7 Doigts de la Main combines the talents of seven energetic twenty-something performers – six men and a woman — who scale poles, leap into the air, dance, collide into one another, and create thrilling on stage mayhem. They perform these feats often wordlessly, lifting our spirits along the way. There is not much of a script to speak of — the goal of Traces is to wow us with the physical prowess of its performers, who hail from China, Mexico, France, and the United States. Which they do — often.

It’s marvelous entertainment, great family fun, the rock score throbs but it’s never overwhelming, and the inevitable strobe lights are used minimally throughout the show’s 90 minutes. The troupe also makes use of video, projecting televised images of the audience members as they arrive onto a screen at the rear of the stage. It’s mostly a distraction, keeping us intrigued, struggling to see if we can find themselves – a televised version of Where’s Waldo? – before the circus antics begins.

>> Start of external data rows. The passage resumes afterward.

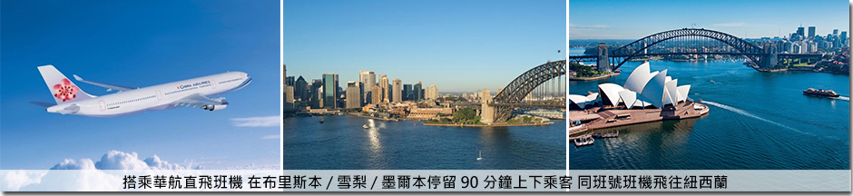 今日於桃園機場集合,搭乘國際航段晚班機,前往擁有460萬人口的澳洲第一大城◇雪梨。 ![]() |
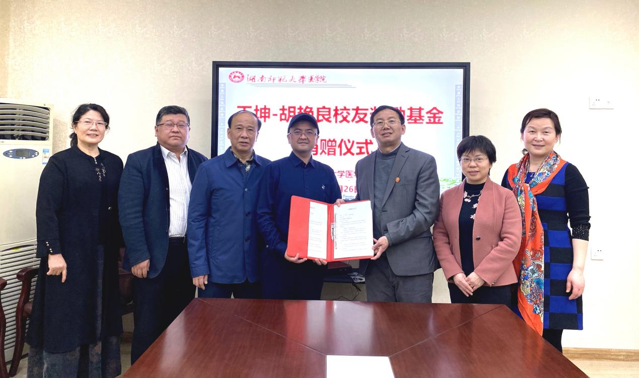 2021年3月26日,1999级药学专业校友、湖南金六谷医药物流有限公司合伙人王坤胡艳良夫妇签署捐赠协议书,向qm球盟会官方网站教育基金会捐款30万元,奖励我院优秀师生,祝贺我院从事医学教育110周年。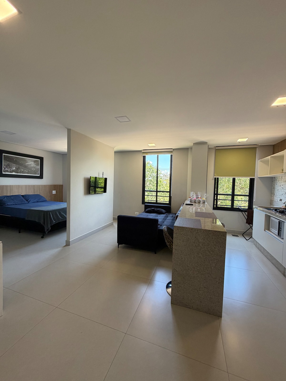 Olvídate de tus preocupaciones en este lugar tranquilo y espacioso. Tiene una cama doble y una cama individual, un televisor de 48" con un Firestick y una minicocina, que te permite preparar refrigerios y comidas pequeñas. A solo 500 metros de Av das Cataratas, está cerca del centro y de los principales atractivos de la ciudad. Ofrecemos check-in autónomo, estacionamiento cerrado, ropa de cama y toallas de baño.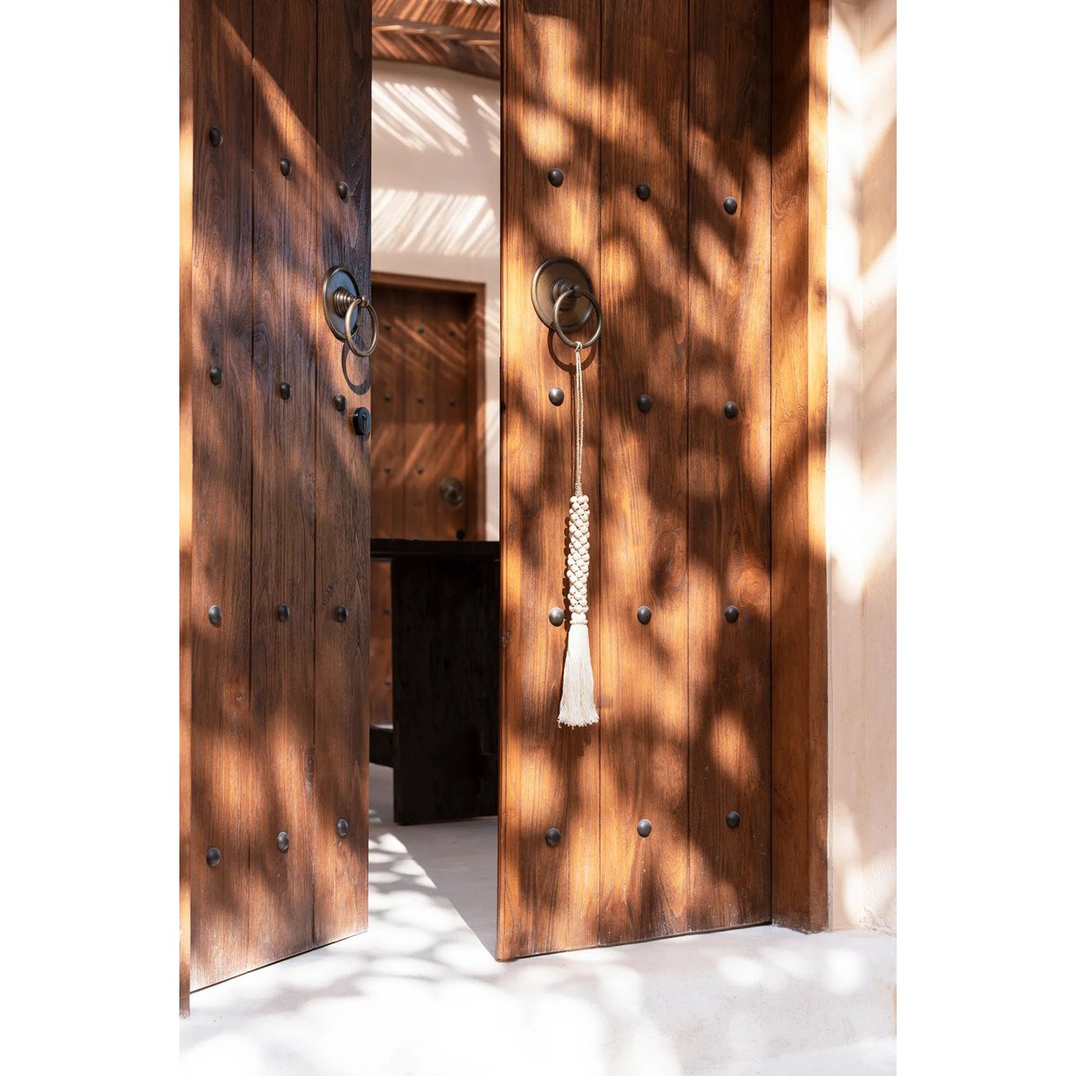 Wij houden van deze prachtige kwast, handgemaakt van katoen en hout door Balinese ambachtslieden. Om naar wens aan deuren, gordijnen of muren te hangen, of gewoon op een ladekast te zetten. Dit kustkwastje geeft een exotische en bohemien sfeer aan uw interieurdecoratie.

The English equivalent of “7 Doigts de la Main,” translates as “seven fingers of the hand.” Think of the way visionary artist Marc Chagall represented the charmed figures in his paintings of Russian Jewish villages and you have an idea of what this image suggests. Fantastical, colorful, dynamic, connected to one another yet distinct individuals, the’s group’s onstage presence is joyous. Like the enchanted people who live in Chagall’s mystical village, they appear to float, effortlessly, during their leaps, defying gravity. And when gravity pulls them earthward, they refuse to be compromised and make running starts to leap higher, aided in their trajectories by some wondrous props.

7 Doigts is a traveling troupe that, since its founding in Montreal in 2002, has toured 25 countries, according to the program note. An outgrowth of the National Circus School in Montreal, it owes much to Cirque du Soleil, another Montreal-based circus arts troupe, founded in 1984, that has soared to success and currently has three productions playing in the United States and Canada.

When the show begins the performers introduce themselves and they repeat these info sessions twice during the evening, but we never really get to know them individually. When the action stops, and their images are projected onto the screen — aping TV’s American Idol when audience members are urged to call or text in their votes for the finalists –it comes off as charming initially. But the the multimedia move is really an unnecessary distraction. The more-than-satisfactory appeal of this show is to see these gifted athletes perform time-honored circus skills – the attempt to make them look like televised rock stars falls flat.

Ultimately, what emerges from Traces is the spirit of camaraderie that exists among all seven performers. They clearly are closely bonded, look out for one another during the high leaps, spotting each other as they scale the poles above the stage. They pair up, joke around, tease one another, sometimes mimicking the way the Harlem Globetrotters perform their goofy antics with a basketball. They are multi-talented, each taking a turn to play the piano, each allotted a moment to outshine the other, each hamming it up for applause. Yet at the end of these cameos, they return to the hand they are connected to, suggesting that they are bound to one another — their unity is a source of strength.

When 7 Doigts head off to the theatre lobby at the close to the show, the audience cheering them on, their image as a troupe is projected onto the same screen in which we saw ourselves similarly projected at the onset of the show. Looking like candlestick pins in a bowling alley, they are clearly out of breath, exhausted, and exhilarated, all at once. It’s a moment of triumph, one of many that make this show well worth seeking out.